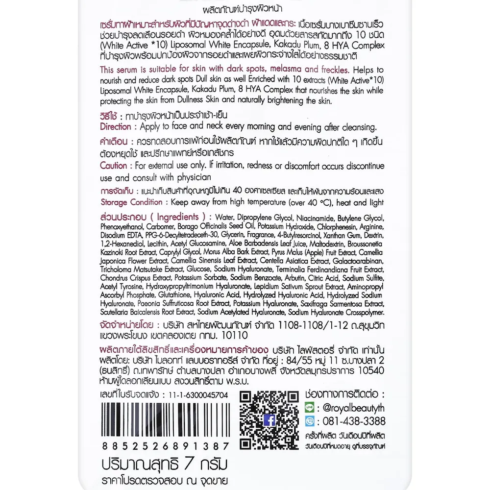 รอยัลบิวตี้ ไวท์ แอนตี้ เมลาสม่า เซรั่ม 7 ก.
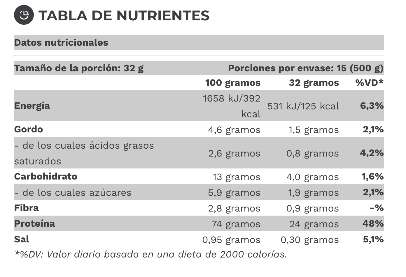 Lista de ingredientes (sabor chocolate): Concentrado de proteína de suero de leche instantáneo [ leche (emulsionante: lecitina de girasol)], concentrado de proteína de suero de leche ( leche ), glicina, leche desnatada en polvo, cacao en polvo bajo en grasa, maltodextrina, sabores (chocolate, crema), sal de mesa, espesante (goma xantana), L-taurina, L-glutamina, edulcorantes, complejo enzimático DigeZyme® (alfa-amilasa, proteasa neutra, celulasa, lactasa, lipasa).
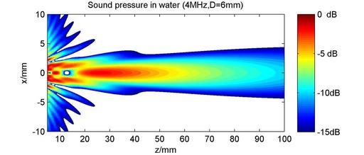 | Keywords: Soundfield Water 4MHz TransducerRadius3mm.png en Sound field of an unfocused ultrasonic transducer f 4MHz ultrasonic frequency D 6mm transducer diameter harmonic excitation calculated by using the Rayleigh Integral de Schallfeld eines runden ebenen Ultraschallwandlers f 4MHz Ultraschallfrequenz D 6mm Durchmesser ; Berechnung für harmonische Anregung auf Grundlage des Rayleigh-Integrals own Michael Lenz date Ultrasonic transducers | ||||
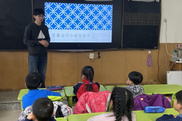 此次活动开始,志愿者们先对雪雕相关知识进行讲解。在讲解过程中,志愿者结合PPT向小朋友们讲解相关知识,并通过互动的方式使小朋友们在轻松的气氛下理解相关内容。在进行现场雕刻时,志愿者细心、认真,给小朋友们留下一个完美的作品。
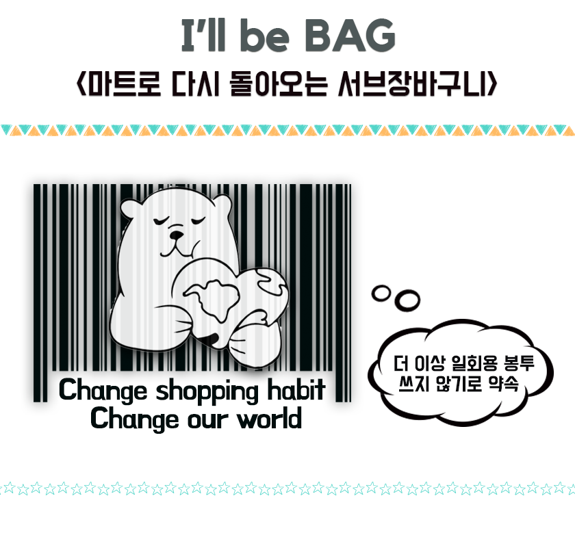 일회용 봉지는 다시 마트로 돌아올 수 없지만, 아윌비백은 재사용을 통해 '마트로 다시 돌아갈 수 있다'는 의미를 담고 있습니다.
○ ○ ○ ○ ○ ○ ○
**Problem requirements:**
Set down every entry above without alteration, but print no images.

**Task result:**
 รอยัลบิวตี้ ไวท์ แอนตี้ เมลาสม่า เซรั่ม 7 ก.
 Lista de ingredientes (sabor chocolate): Concentrado de proteína de suero de leche instantáneo [ leche (emulsionante: lecitina de girasol)], concentrado de proteína de suero de leche ( leche ), glicina, leche desnatada en polvo, cacao en polvo bajo en grasa, maltodextrina, sabores (chocolate, crema), sal de mesa, espesante (goma xantana), L-taurina, L-glutamina, edulcorantes, complejo enzimático DigeZyme® (alfa-amilasa, proteasa neutra, celulasa, lactasa, lipasa).
 | Keywords: Soundfield Water 4MHz TransducerRadius3mm.png en Sound field of an unfocused ultrasonic transducer f 4MHz ultrasonic frequency D 6mm transducer diameter harmonic excitation calculated by using the Rayleigh Integral de Schallfeld eines runden ebenen Ultraschallwandlers f 4MHz Ultraschallfrequenz D 6mm Durchmesser ; Berechnung für harmonische Anregung auf Grundlage des Rayleigh-Integrals own Michael Lenz date Ultrasonic transducers | ||||
 此次活动开始,志愿者们先对雪雕相关知识进行讲解。在讲解过程中,志愿者结合PPT向小朋友们讲解相关知识,并通过互动的方式使小朋友们在轻松的气氛下理解相关内容。在进行现场雕刻时,志愿者细心、认真,给小朋友们留下一个完美的作品。
 일회용 봉지는 다시 마트로 돌아올 수 없지만, 아윌비백은 재사용을 통해 '마트로 다시 돌아갈 수 있다'는 의미를 담고 있습니다.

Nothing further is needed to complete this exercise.